Data listing section start

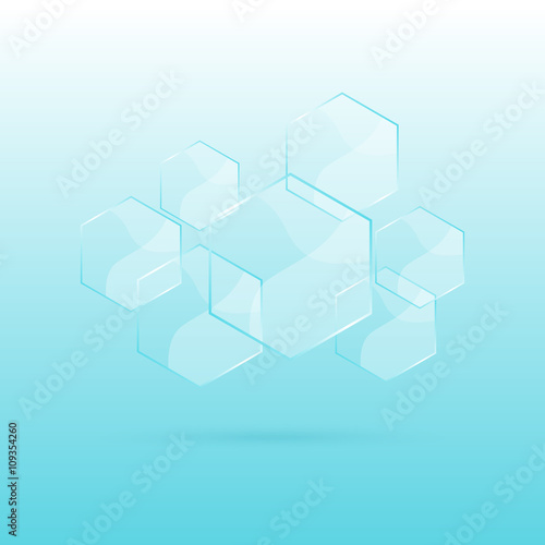 Fototapeta premium Sześciokąt przezroczyste elementy na niebieskim tle
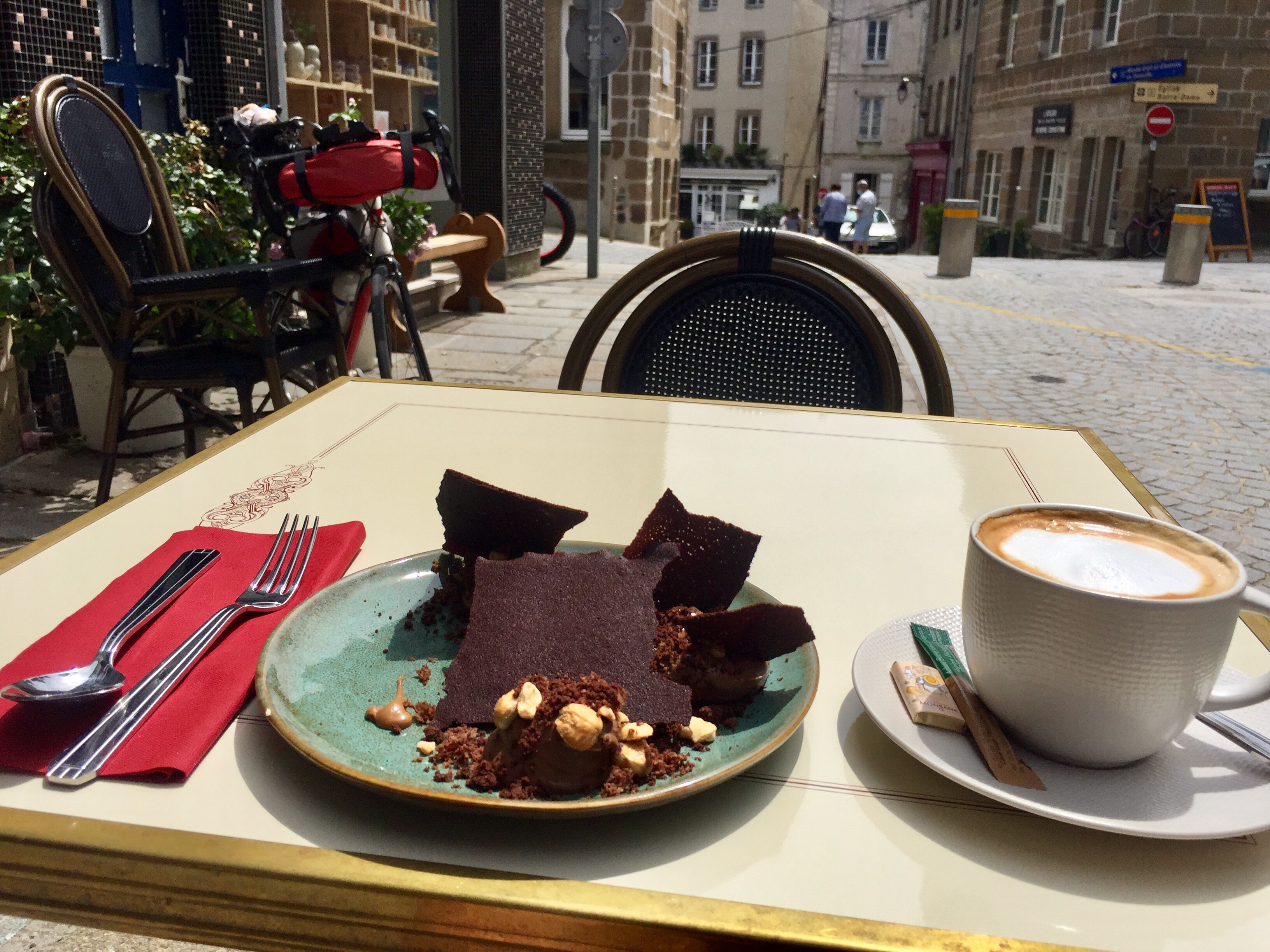 Das Frühstück war reichlich bei Bernadette Vassilon. Eine super Entscheidung gestern, solange zu suchen, bis ich dieses Gästezimmer fand (chambre d‘Hotes).
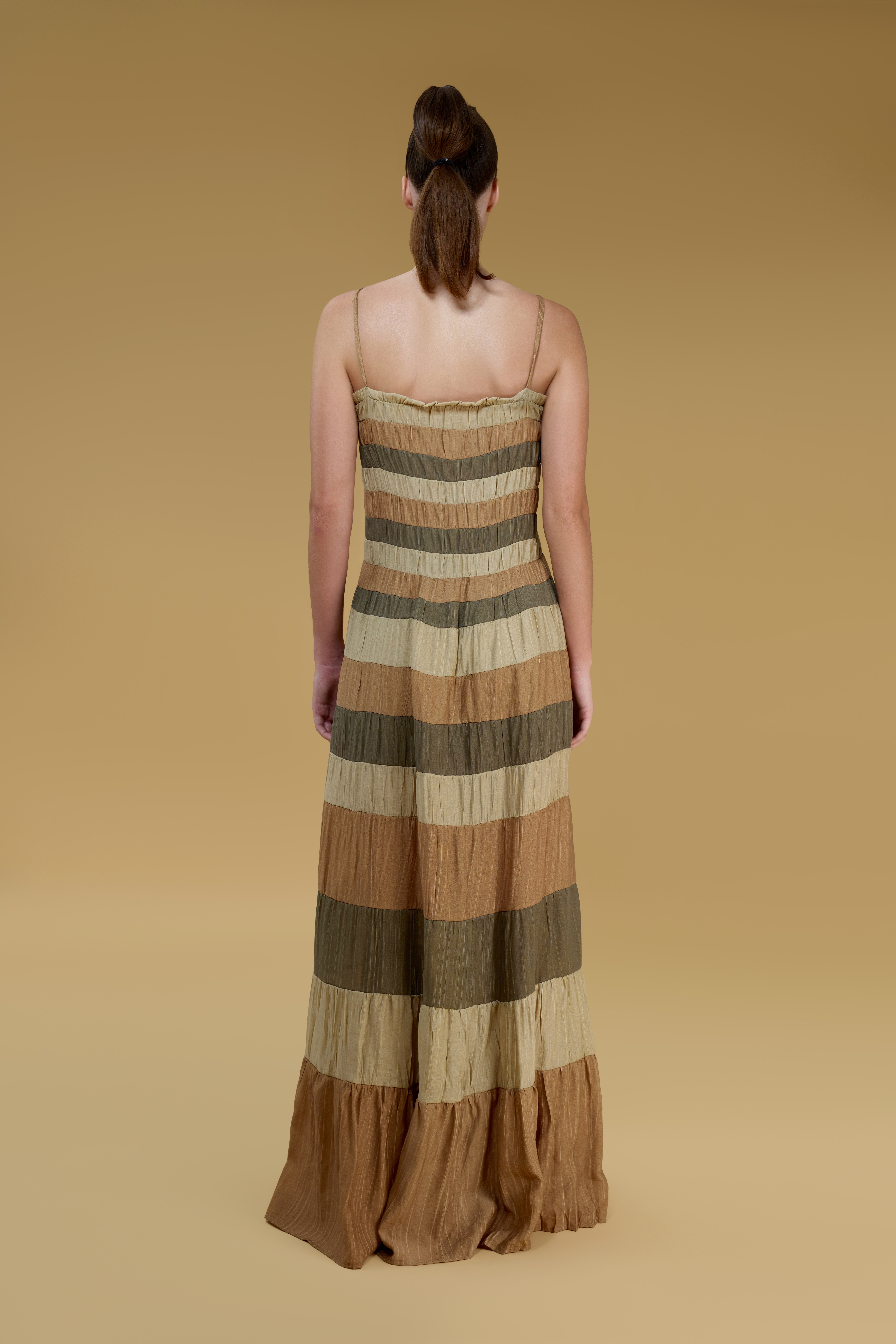 Effortlessly bohemian and versatile, the Phoebe Top is designed in a flowing patchwork of earthy stripes. Featuring a tie-front detail and maxi-length silhouette, it can be worn as a statement top or a lightweight cover-up. Its airy fabric blend makes it perfect for warm summer days and balmy evenings.
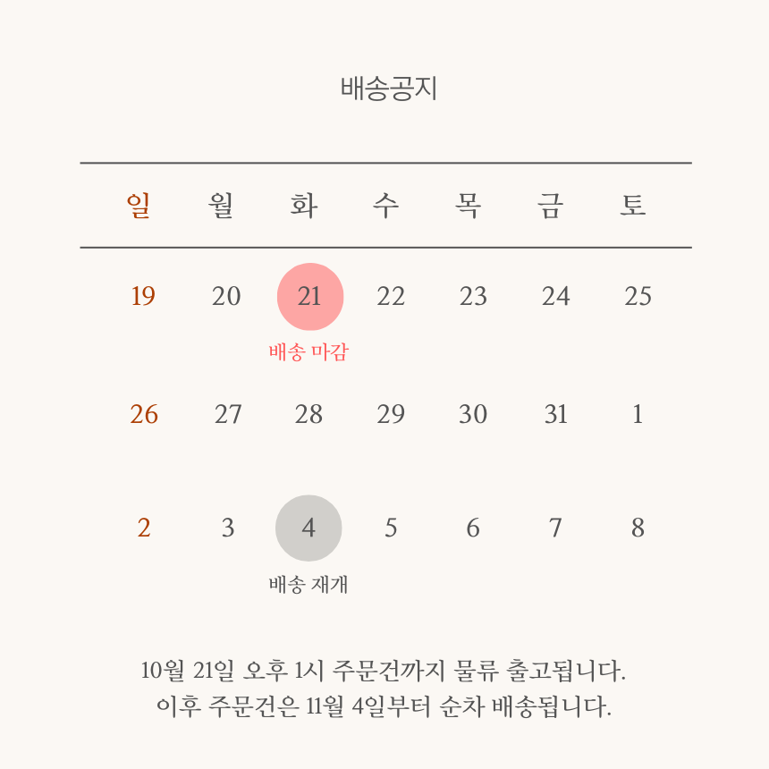 일정상 부득이하게 배송이 다소 지연되는 점 양해 부탁드립니다.
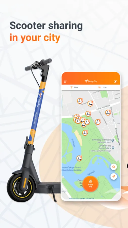 BusyFly is a unique international rental service project which unites Car Sharing, Scooter Sharing and Bike Sharing services in one app.
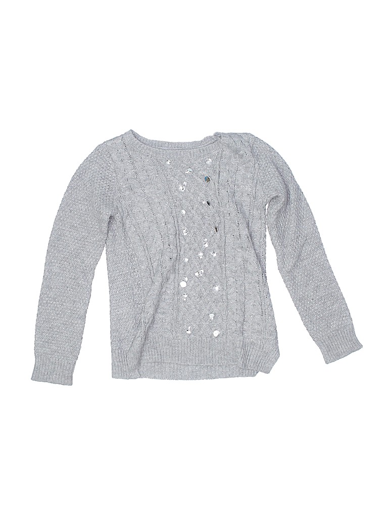 - Crew neckline, metallic detail, gray
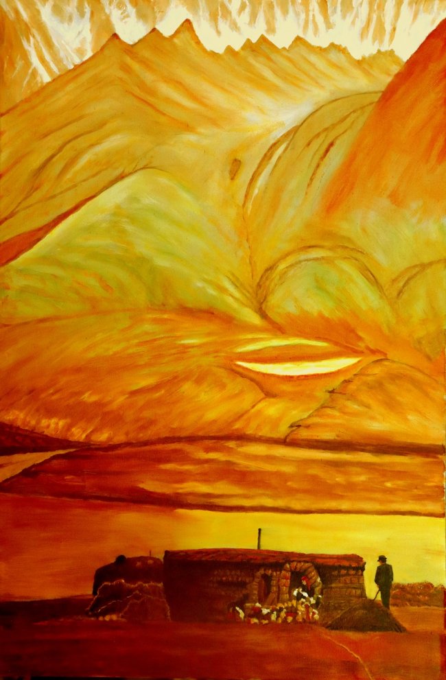 帕米尔小调,60cm×90cm,2023年3月,高山雪原帕米尔,岭上骄鹰塔吉克。
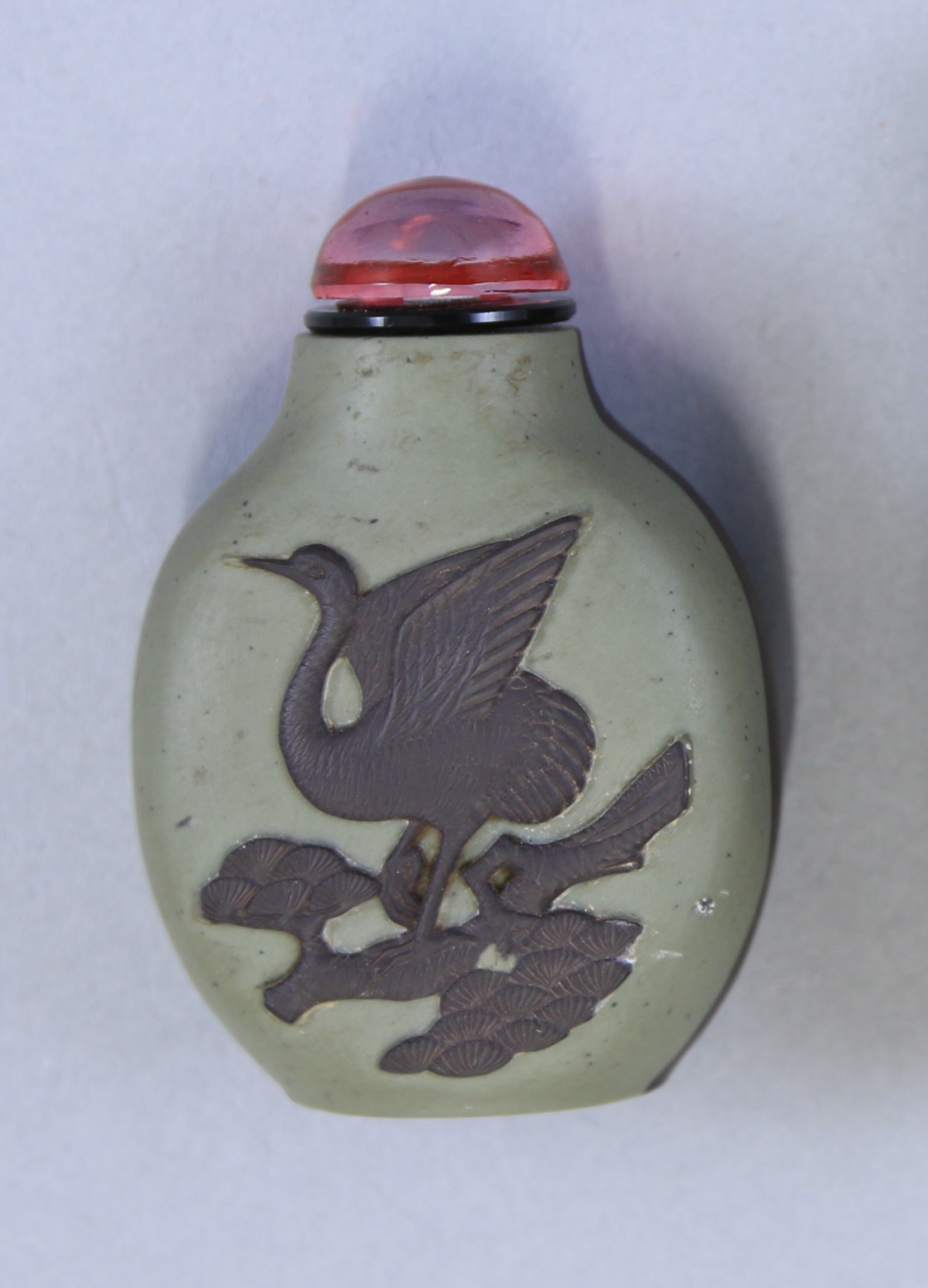 Songhuashi kaki et brune sculpté d'une grue posée sur une branche de pin.
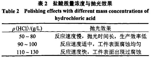 由表2可看出,鹽酸質量濃度為90~100g/L時,反應速度適中,工件表面拋光均勻。
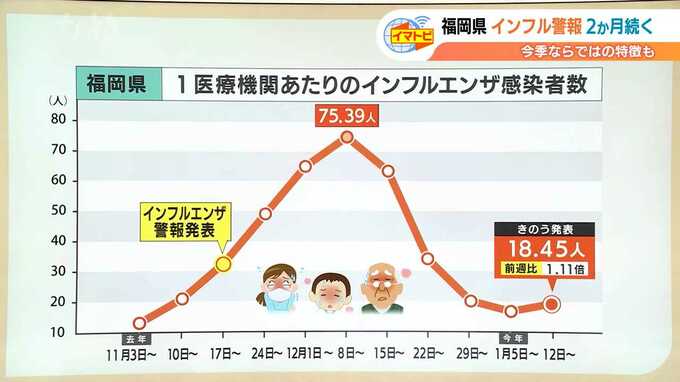 福岡県内の1医療機関あたりのインフルエンザの感染者数は、去年11月中旬ごろにインフルエンザ警報が発表されその後、一気に増加。
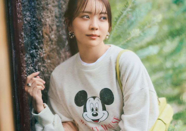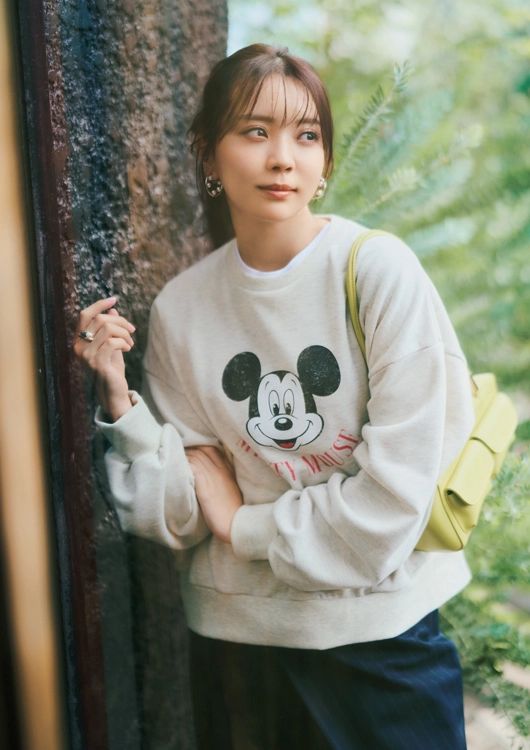 Tシャツ¥12,100/カデュネ スウェット¥5,489/ロペピクニック(ジュン) パンツ¥22,000/メゾンスペシャル(メゾンスペシャル 青山店) イヤリング¥8,580/イットアトリエ(フォーティーン ショールーム) リング¥6,600/ロニ バッグ¥7,590/カシュカシュ(アンビリオン)

Data listing section end

* _What the exercise asks_: Only the lines from the line with "由表2可看出,鹽酸質量濃度為" to the end of the records should be repeated, exactly and without pictures.

* _Response_:
 由表2可看出,鹽酸質量濃度為90~100g/L時,反應速度適中,工件表面拋光均勻。
 福岡県内の1医療機関あたりのインフルエンザの感染者数は、去年11月中旬ごろにインフルエンザ警報が発表されその後、一気に増加。
 Tシャツ¥12,100/カデュネ スウェット¥5,489/ロペピクニック(ジュン) パンツ¥22,000/メゾンスペシャル(メゾンスペシャル 青山店) イヤリング¥8,580/イットアトリエ(フォーティーン ショールーム) リング¥6,600/ロニ バッグ¥7,590/カシュカシュ(アンビリオン)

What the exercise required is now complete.